COLORADO INTERSTATE GAS CO.
v.
FEDERAL POWER COMMISSION.



Author: Maris

Before ALBERT LEE STEPHENS, MARIS and McLAUGHLIN, Circuit Judges.

MARIS, Circuit Judge.

Upon the petition of Colorado Interstate Gas Company this court is asked to review an order of the Federal Power Commission disallowing certain changes proposed by Colorado Interstate in the applicability provision of its FPC Gas Tariff, Original Volume No. 1, which tariff had been filed pursuant to the Commission's Order No. 144, issued October 30, 1948, amended November 17, 1948. Pursuant to an earlier order of the Commission, made in 1942 and affirmed in 1945,*fn1 Colorado Interstate had on October 1, 1945 filed supplements to its existing FPC rate schedules making the reductions in rates required by the Commission's order. These supplements, of which Supplement No. 7 to Rate Schedule FPC No. 1 may be regarded as typical, contained the following applicability clause: "This rate schedule shall apply to all natural gas delivered by Colorado Interstate to the Buyer except such natural gas as Buyer may purchase from Colorado Interstate under Rate Schedules I-1 and I-2."

In the order which the Commission entered October 3, 1945 accepting these supplements for filing it provided that "The rates and charges contained in the new rate schedules * * * are to be effective * * * for all sales of natural gas in interstate commerce for resale for ultimate public consumption."

In FPC Gas Tariff, Original Volume No. 1, which it had filed May 2, 1949, the tariff involved in the present controversy, Colorado Interstate on June 24, 1949 included the following applicability clause in Rate Schedules G-1 and P-1, First Revised Sheets Nos. 4 and 7:*fn2

"This rate schedule shall apply to all natural gas delivered by Colorado Interstate to the Buyer: (1) for resale except such natural gas as Buyer may purchase from Colorado Interstate under Rate Schedules I-1 and I-2; (2) which constitutes Buyer's lost and unaccounted for natural gas; and (3) which Buyer consumes in rendering natural gas service to its customers."
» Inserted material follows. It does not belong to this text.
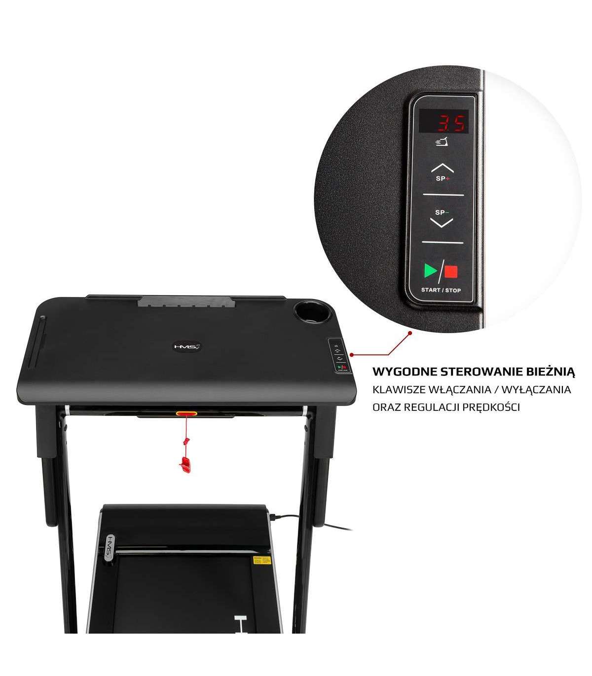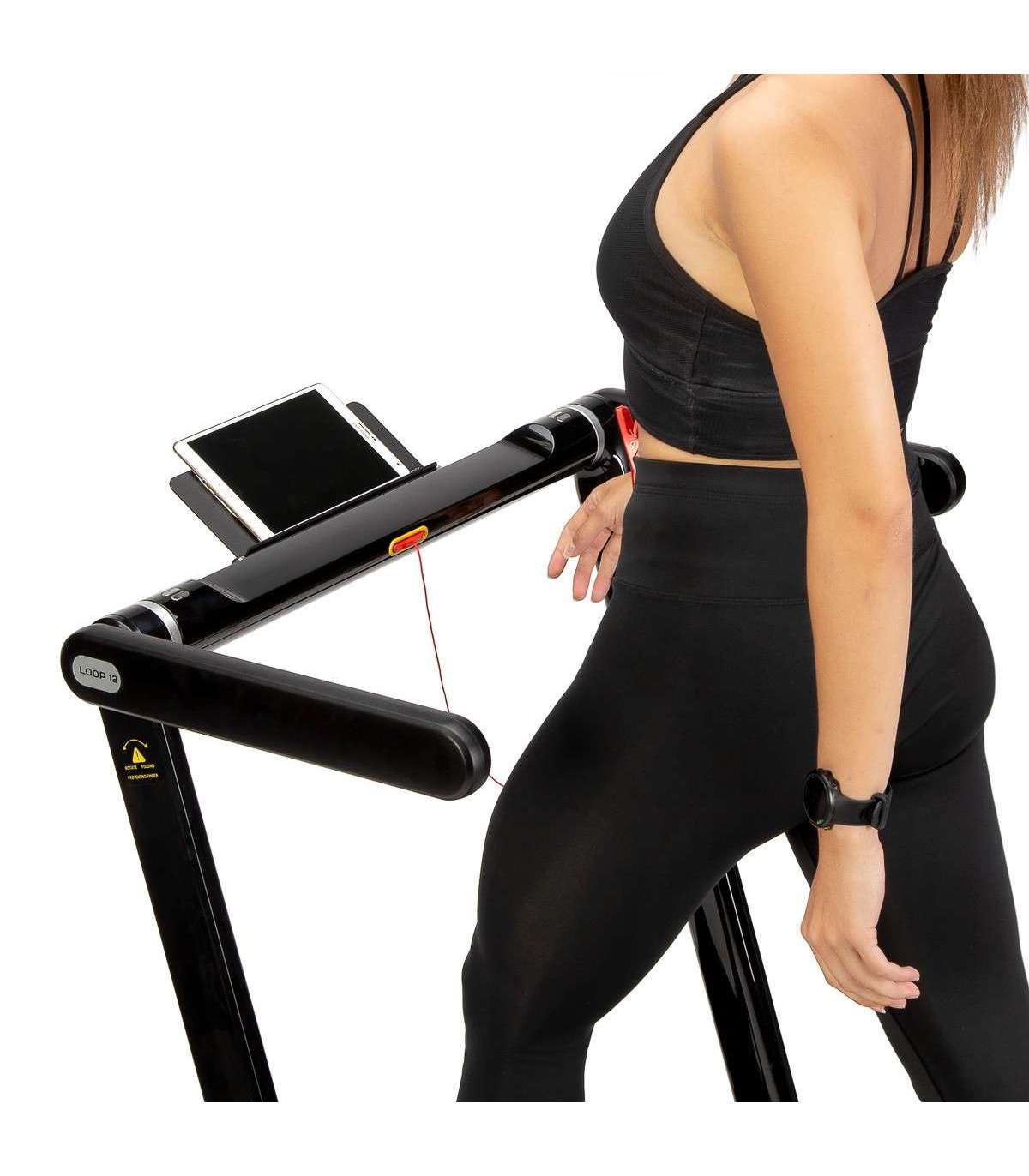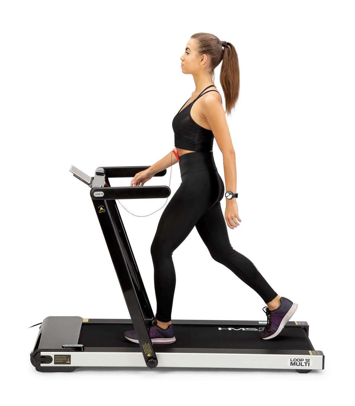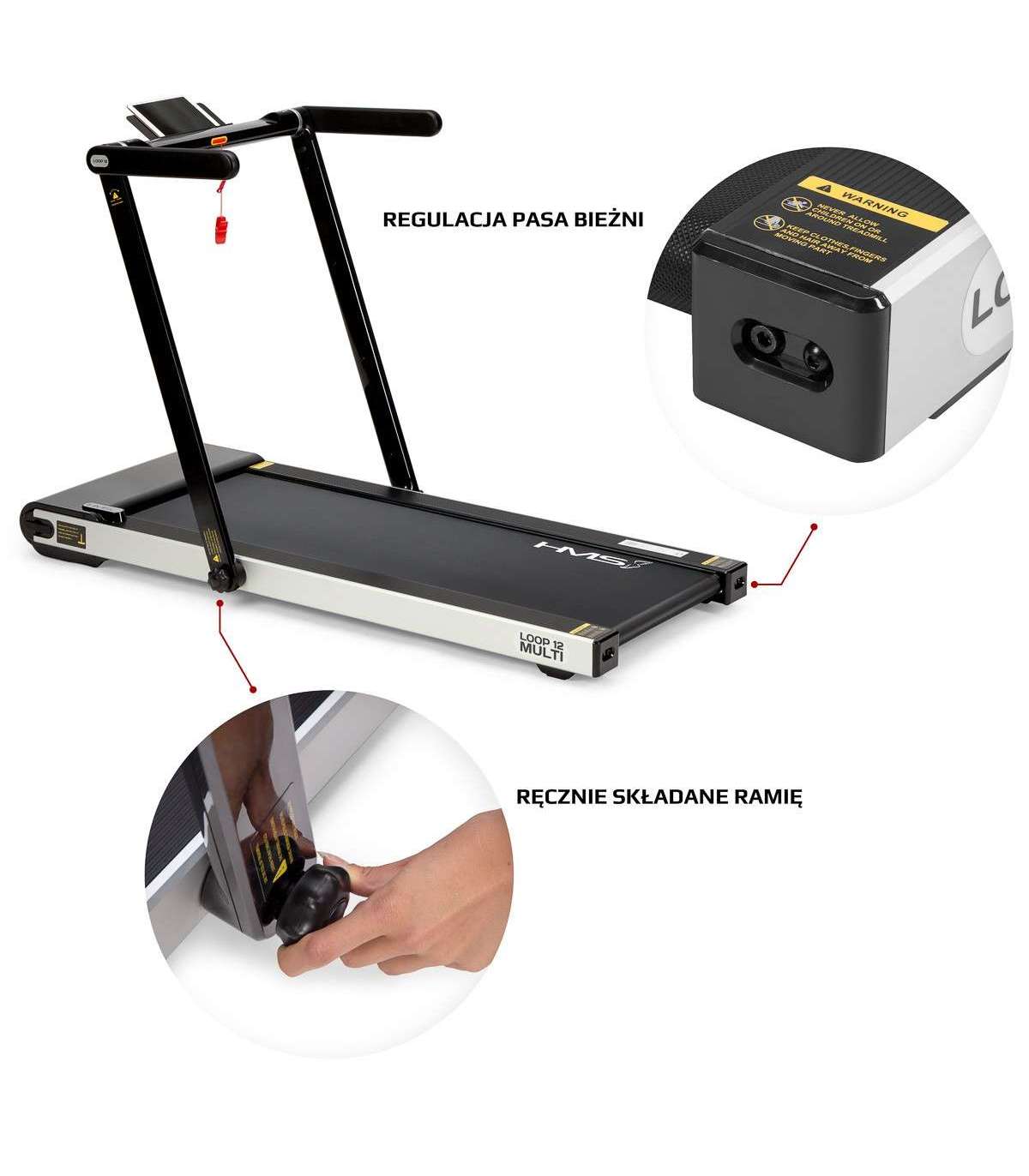 LOOP12 MULTI jooksuriba on 21. sajandi tehnoloogia. See on kaasaegne ja intuitiivne. Jooksuriba modernne disain kinnitab, et see on loodud kõige elegantsemas vormis. Mis eristab seda mudelit teistest, on võimalus paigaldada konsoolile laud. Seega on võimalik ühendata töö ja füüsiline tegevus. Laua paigaldamine piirab jooksuriba kiirus 6 km/h; sel viisil on lihtne sülearvutit kasutada kõndimise ajal. Laual on hoidja pudelile või kruusile, samuti hoidja tahvelarvutile. Erilise juhtpaneeli tõttu saab kasutaja jooksuriba igal ajal aeglustada või välja lülitada. See lahendus on suurepärane alternatiiv kontoritöötajatele. Kui laud on eemaldatud, saad klassikalise seadme, mis on kohandatud intensiivseks treenimiseks kodus. Jooksuriba disain loob mugava treeningruumi ja silikoongeeli neelamissüsteem tagab kerge ja elastse jooksmise ja põlveohutuse. Ergonomiline juhtpaneel võimaldab kasutajal mugavalt hallata seadeid, nagu aeg, kiirus, kaugus, kalorid ja astmete arv. Samuti on see varustatud väga kasulike nuppudega kiireks kiiruseselektimiseks. Kasutaja saab kiiruse ühe liigutusega seada 3 või 5 km/h. Bluetooth-funktsiooni tõttu saab jooksuriba hõlpsasti ühendada FitShow rakendusega, mille saab alla laadida mobiiltelefonile käsiraamatut skaneerides. Tänu sellele rakendusele saab jälgida treeninguid ja salvestada nende tulemusi. Seega saab kasutaja analüüsida oma edusamme. Peale selle saame rakenduse kaudu seadistada endale sobiva treeningprogrammi. Ärge muretsege kiiruse muutmise pärast. Jooksuriba täiendav eelis on selle suurus, tänu kokkuvolditud raamidele ei võta see palju ruumi. LOOP12 MULTI-d on samuti lihtne transportida tänu paigaldatud transpordiratastele, mis võimaldavad vertikaalset ja horisontaalset transporti ilma igasuguste eriponnistusteta. LOOP12 MULTI on ideaalne valik kõigile, kes soovivad kodus, väikses ruumis aeroobset treeningut teha. See on samuti suurepärane lahendus neile, kes ei ole siiani teadnud, kuidas ühendada tööd ja treeningut. Spetsifikatsioon: Tipumootori võimsus: 2.5HP / 1850W Pidev mootori võimsus: 1.25HP / 916W Kiirus vahemik (km/h): 1 ÷ 12 Kiirus vahemik laua olemasolul (km/h): 1 ÷ 6 Aluse mõõtmed 27.5 x 9.5cm Jooksuriba mõõtmed: Pikkus (mm): 1250 laius (mm): 450 Kompuuter (mõõtmine): Aeg: jah Kaugus: jah Kiirus: jah Kalorid: jah Astmete arv Kompuuter (lisavarustus): bluetooth: jah MP3: ei helikõlarid: ei Lisavarustus: rullikud / rattad: jah konsoolile paigaldatud laud Jooksuriba mõõtmed (lahti): pikkus (mm): 1515 laius (mm): 770 kõrgus (mm): 1030 Kas saab kokku voltida?: jah Mõõtmed (kokku volditud): pikkus (mm): 1581 laius (mm): 770 kõrgus (mm): 158 Laua mõõtmed: pikkus (mm): 405 laius (mm): 842 Kompuutri (funktsioonid): toetus mobiilirakendustele: jah / Fit Show Max. kasutaja kaal (kg): 120 Toote kaal (kg): 43 Märkused: Mitte kaubanduslikuks kasutamiseks 24 kuud garantii Importija: Abisal Ltd. | Poola | 41-807 Zabrze | Pyskowicka tänav 17 | e-post: abisal@abisal.pl Abisal Ltd. kinnitab, et ettevõtte poolt müüdavad tooted on ohutud ja vastavad 12. detsembril 2003 vastu võetud Üldise tooteohutuse seaduse nõuetele. (Ajakiri seaduste detsember 31, 2003)

The Commission suspended these applicability clauses and subsequently, by the order of November 2, 1949 here under review, disallowed them and directed Colorado Interstate to file Second Revised Sheets Nos. 4 and 7 to its FPC Gas Tariff, Original Volume No. 1, containing applicability clauses as follows: "This rate schedule shall apply to all natural gas delivered by Colorado Interstate to the Buyer except such natural gas as Buyer may purchase from Colorado Interstate under Rate Schedules I-1 and I-2." Colorado Interstate's application for rehearing having been denied the present petition for review was filed.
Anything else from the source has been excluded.